In fact, I had already seen that article, and tried everything in it before posting here. It really is shockingly unhelpful to repeat what a quick search in the support pages returns.
I did remove and recreate the account with the problem, which did not solved nothing. That's what motivated me to try to ask here.
So far, Apple support has been of no use. They won't even admit to the problem. There is little wonder then, that their support articles are of no use to solve this problem. They actually suggested the same thing you did, that it was somehow my service provider that made the configuration change that caused this problem.

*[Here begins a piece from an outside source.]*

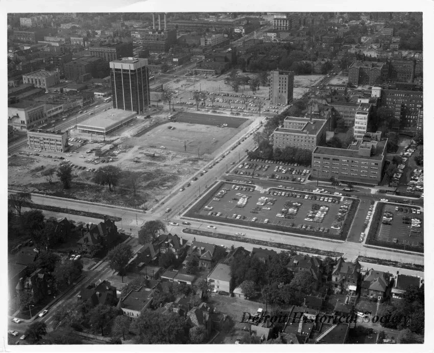 Black and white aerial photograph of Brush Park, the Detroit Medical Center, including Harper Hospital, Grace Hospital, Hutzel Women's Hospital, the Rehabilitation Institute of Michigan, and buildings of the Wayne State University School of Medicine, as well as the Professional Plaza taken facing the northwest from above Eliot Street between John R. Street and Brush Street. In contrast to the similar view of 2009.019.335, the roof of the Rehabilitation Institute is not under construction, the parking lot behind the Professional Plaza is being laid down, the Detroit Bank and Trust Company and the building near the southwest corner of John R. and Alexandrine are standing and the Wayne State Medical School building at 101 E. Alexandrine Detroit has yet to be built. Orchestra Hall and the Vernors Factory are visible along Woodward Avenue. "Med. Ccnt. - Phase #1" and "E-178-8" handwritten on verso.

Well, I've bounced this off of the support engineers at Dreamhost. They made no changes. In fact, they wouldn't make changes to their PKI infrastructure based on some iOS firmware update that Apple decides to release. Using PKI server certificates to secure communications between clients and servers is an industry standard process which doesn't dance to Apple's tune. Furthermore, hosting services do actually provide services to other than Apple product users. So, no. This has never been the fault of my commercial hosting service.
Apple created this problem when they released iOS 10.2.1. They changed how iOS behaves regarding PKI certificates. Now, if no one here knows exactly what to do to reverse engineer their product to fix a problem they caused, fine. That's how it is.
Did you see the image I posted that clearly shows that it was once possible to choose to trust a certificate? Here's what iOS update 10.2.1 did to that dialog. Note the upper right corner. That is where the option to Trust a certificate once existed:
Do you understand the problem now? This is a problem with how iOS handles SSL certificates, not with the certificates themselves.